Develop state-of-the-art models for elderly action recognition using publicly available datasets.
Showcase innovative techniques for data curation and transfer learning.
Contribute to a growing body of research that addresses real-world challenges in elderly care.

Key Dates

Challenge Launch: January 10, 2025
Submission Deadline: February 15, 2025
Winners Announcement: February 20, 2025, at the virtual AI, Machine Learning, and Computer Vision Meetup.

Model Development

Participants are encouraged to explore and leverage state-of-the-art human action recognition models without limitations. Creativity and originality in model architecture and training methodology are strongly encouraged.

Dataset

To mitigate overfitting and promote generalization, participants could build training datasets using publicly available resources such as ETRI-Activity3D [1], MUVIM [2], and ToyotaSmartHome [3], based on video format.
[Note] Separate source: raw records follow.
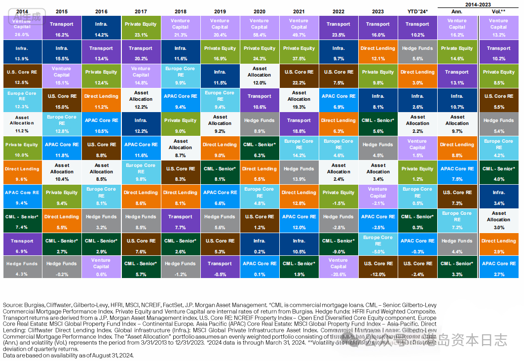 从2014年至2023年的数据可见,另类投资在多次市场波动中持续展现出优于传统资产的表现,其中部分优质类别(如核心私募股权与特定优质房地产领域)不仅回报稳健,也为投资组合的长期收益提供了可靠保障。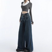 レディース デニムパンツ ジーンズ ガウチョパンツ ワイドパンツ 春秋 カジュアル スウェットパンツ パンツ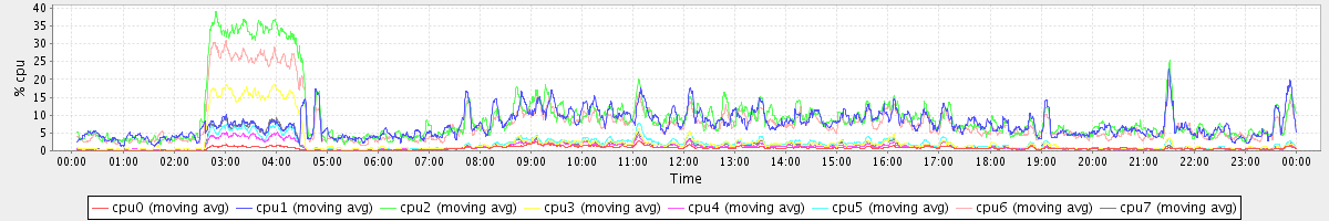 avg(cpu0) = 0.33 avg(cpu1) = 0.06 avg(cpu2) = 0.09 avg(cpu3) = 0.01 avg(cpu4) = 0.00 avg(cpu5) = 0.00 avg(cpu6) = 0.07 avg(cpu7) = 0.00
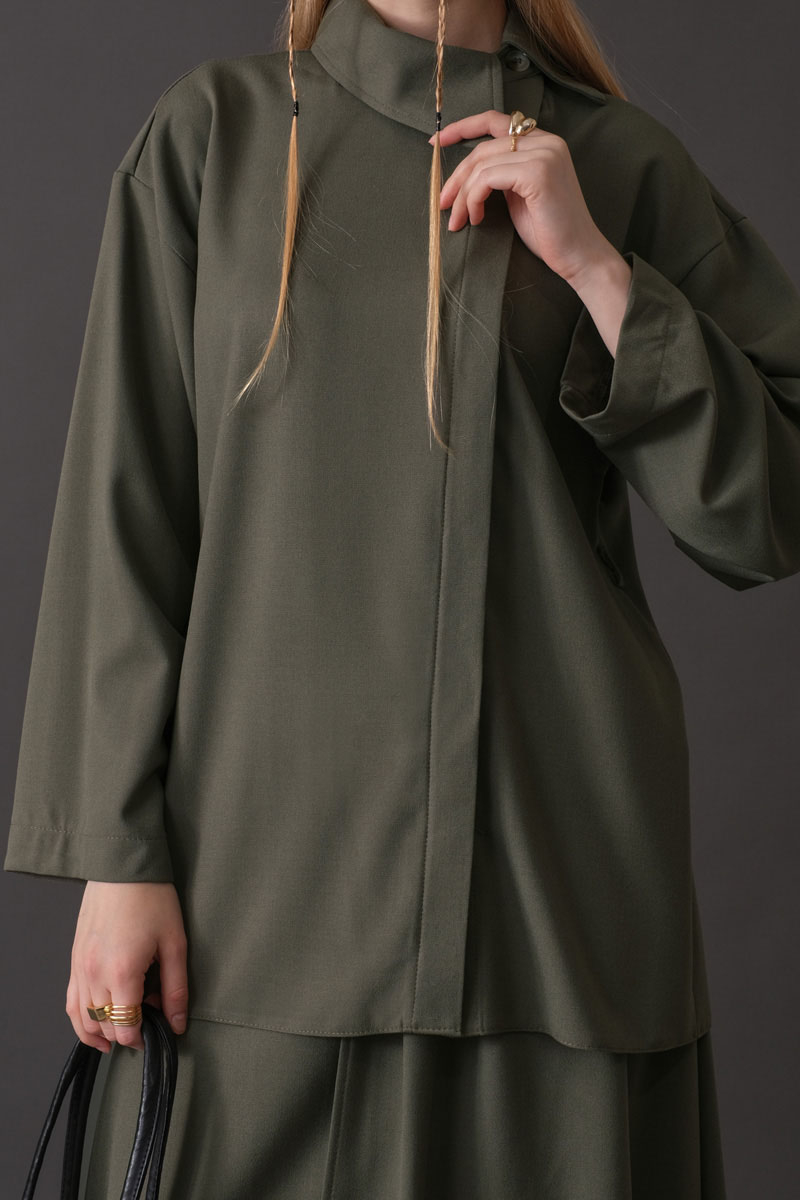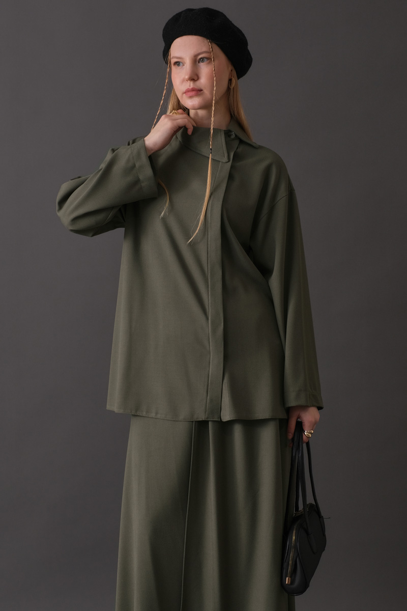 The Asymmetric Collar Shirt in Khaki is designed for those who appreciate modern and minimal lines. With its asymmetric neckline, it adds a contemporary twist to the classic shirt form, while the draped structure provides all-day comfort. The concealed placket creates a clean and refined look, and the relaxed fit makes it a versatile choice for both office and everyday style.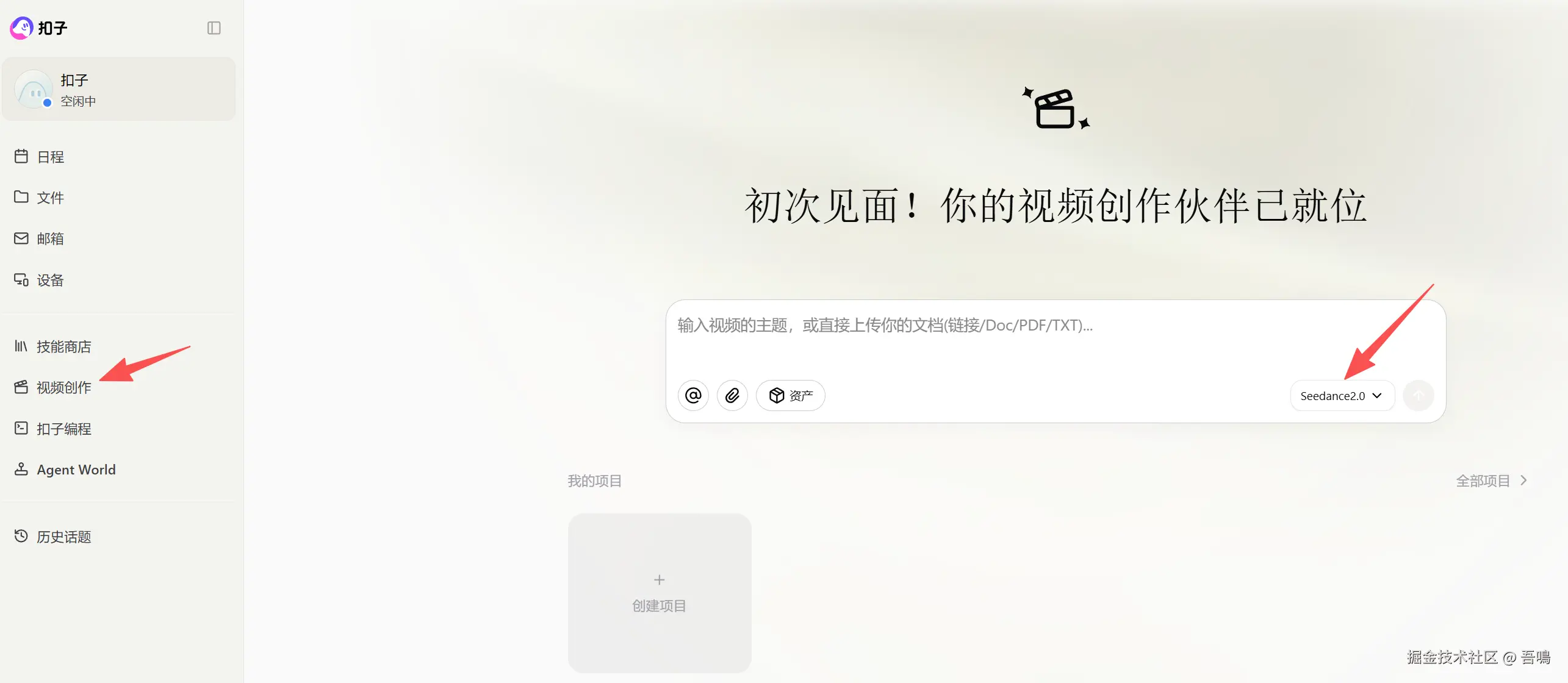 怎么样才能够使用上满血版的Seedance2.0?只需要在扣子左侧的菜单栏中,点击“视频创作”菜单,便可以进入到视频创作的页面。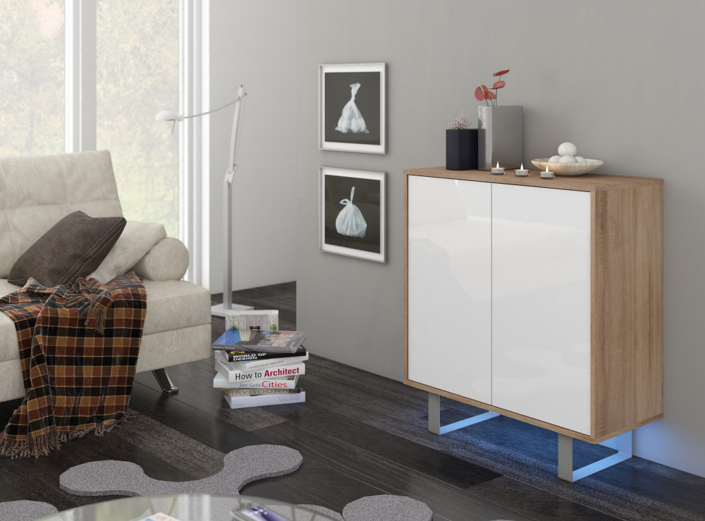 King komód kicsi 2 ajtó - Világos Sonoma tölgy - Fényes fehér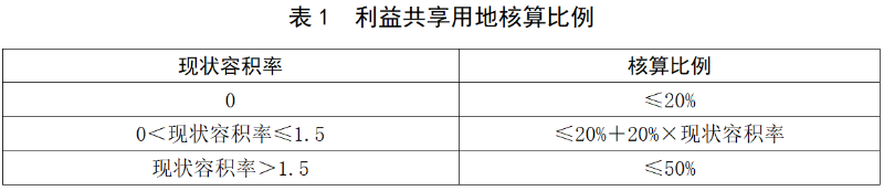 (三)本项目核定利益共享用地是指项目内上述第(一)项用地范围外的未完善征(转)地补偿手续规划建设用地,扣除上述第(二)项中非农建设用地指标和征地返还用地指标后的剩余土地,按照表1核算的留用土地规模。其中现状容积率为项目实施范围内现状建筑面积与规划建设用地面积的比值。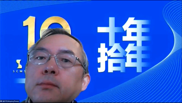 张伟平表示,上海数学中心十年发展成就有目共睹,在衷心祝贺的同时,也盼望上海数学中心和陈省身数学研究所能够继续相互支持、共同进步。他祝愿上海数学中心迈上新台阶,迈入新境界,在引领上海数学发展的同时,与全国数学界一起,为实现“中国在21世纪成为数学大国、强国”的陈省身猜想而奋斗。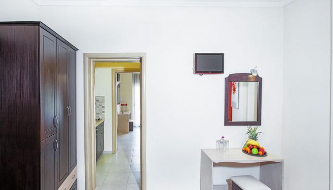 Кондиционер, телевизор, спутниковое ТВ, мини-холодильник, кухня, электрическая плита (2 конфорки) без духовки, сейф, ванная комната, душевая кабина, фен, зеркало, балкон/терраса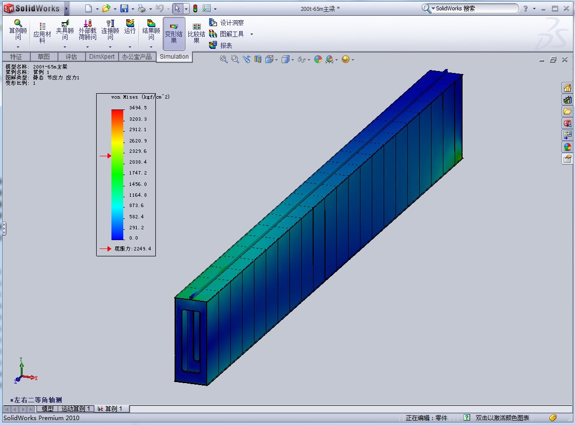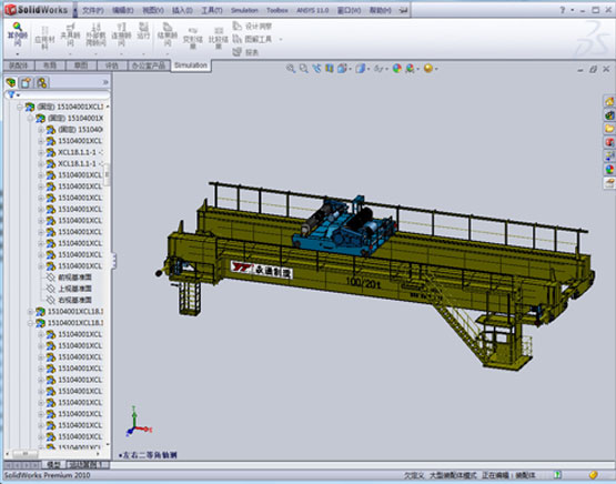 AutoCAD、SolidWarks等先進(jìn)軟件進(jìn)行設(shè)計(jì),對(duì)主要受力構(gòu)件和零部件都采用有限元分析軟件Simulaticn進(jìn)行有限元分析和優(yōu)化設(shè)計(jì),大大縮短

Consider that there are datasets that require submitting a request before you can be downloaded.

Participants are not restricted to these datasets and are welcome to curate extensive datasets, combining multiple sources. A detailed report outlining the datasets used and their preparation and curation processes is mandatory.

Evaluation Dataset

The evaluation dataset will comprise multiple curated subsets of elderly action recognition data. Participants could access the unlabeled evaluation dataset. Here is the evaluation dataset you need to download to test your model.

Data Curation and Categorization

Participants must group activities into the following categories for efficient organization and analysis, model output should show categories and activities as well.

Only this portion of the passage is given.